Alondra Avilés
Lo vi en el tren de camino a la estación Sagrado Corazón. No sabía si llevaba más tiempo en ese vagón, yo iba distraída con el libro que estaba leyendo y pensando en que ya iba tarde para el trabajo. Lo noté cuando llegamos a la estación de Hato Rey. Sabía que era él porque su pelo, su complexión delgada y sus famosas chancletas no se habían borrado de mi memoria a pesar de que había pasado mucho tiempo desde la primera vez que lo había visto. Nuestras miradas chocaron, pero con una impresión sutil de lo familiar que se sentían nuestros rostros. Era el mismo hombre que había captado mi atención con sus ojos brotados y su andar indeciso en la oficina del médico hace varios meses. Lo único que no eran lo mismo eran sus ojos brillantes, su semblante reluciente, el rosario colgando de su cuello y la guitarra que tenía en su mano.
“Yo no me pude tomar la cosa esa completa porque sabía malísima. ¿Cuántos años tú tienes? Tú estás muy joven pa’ hacerte un proceso como este”, fue lo que me dijo esa vez que coincidimos en el gastroenterólogo. Recuerdo que no pudieron hacerle el procedimiento entero porque no siguió el protocolo correcto. La enfermera que me atendió me dijo: “No es la primera vez que viene aquí. Siempre viene así, como loco”. Lo que recuerdo de ese día fue al sacerdote que estaba junto a él en la sala. Parecía que estaba recibiendo consejo o regaño, quién sabe, pero no estaba solo, al menos.
La última vez que me encontré a ese hombre, cuyo nombre nunca supe, fue unas semanas atrás en la estación Piñero. Esperé mi turno para pagar la tarjeta del tren detrás de él; intuí que era él mismo por su guitarra. Cuando me tocó pagar pensé que no había recogido su cambio. Le llamé y al girarse nuestras miradas volvieron a sentirse familiares. Me preguntó si yo necesitaba cambio. Le dije que no a la vez que sentí el gusto de ver su rostro transformado.
Los encuentros en el tren, para mí, son como epifanías de lo susceptibles que somos los seres humanos a los cambios en este pedazo de esfera. Es s increíble encontrarme con personas que, dentro de mi cotidianidad, no pensaba volver a verlas. Cada encuentro me provoca cierto trencariñamiento por estas personas. Quiero decir, un encariñamiento por la gente que creo conocer en el tren, pero sin saber cómo se llaman. Cada día que me monto en esa máquina que patina tengo la esperanza de encontrarme a alguien que ya haya visto para saber cómo está. Quiero saber si la señora que tuvo que decidir entre ir a una cita médica o ir al trabajo para que no la despidieran sigue bien de salud. También quisiera saber por cuál página va el muchacho hippie que siempre lee y se baja en Sagrado Corazón. Daría todo por volver a escuchar al señor que toca guitarra. ¿Habrá compuesto una canción nueva? Quiero saber si el estudiante de la Poli se graduó con honores o a cuál universidad fueron los highscholoolers que siempre tomaban el tren en la tarde. Además, me gustaría ver el estatus del joven triste que viajaba con los ojos cansados en la noche. ¿Será que ya es feliz o todavía? O la madre que iba con sus dos hijos mirando a través del cristal… ¿Habrá conseguido cuido para sus hijos?

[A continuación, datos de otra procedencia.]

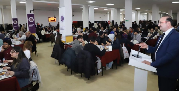Kuran-ı Kerim tilaveti ile başlayan program, ezanın okunmasıyla birlikte dualar eşliğinde açılan oruçlarla devam etti. İftar sonrasında konuşan Rektör Hacımüftüoğlu, Ramazan ayının birlik ve beraberliği pekiştiren manevi atmosferine vurgu yaparak şu ifadeleri kullandı: "Ramazan, paylaşmanın ve dayanışmanın en güzel örneklerini sergilememize vesile olan mübarek bir aydır. Bugün, siz değerli öğrencilerimizle aynı sofrayı paylaşmaktan büyük bir mutluluk duyuyorum. Sizlerin akademik, sosyal ve kültürel gelişimi için tüm imkanlarımızı seferber ediyoruz."

En fin, en el tren puedo ver el afán de cada cual. Si observas minuciosamente podrás saber hacia dónde van o con qué específicamente las personas están comprometidas ese día. Cada alma va a cierto destino, suda por caminar bajo el sol, cumple su misión en la estación que sea o quizás no y entonces vuelve a meterse a un vagón para asimilar su día de camino a casa. Algunos se duermen de camino, otros miran a través de las ventanas, leen libros, escuchan música, se pierden en sus teléfonos o se dedican a observar a la gente que entra o sale y luego se van. No importa qué pase durante el día, el tren siempre será el punto donde las vidas se conectan.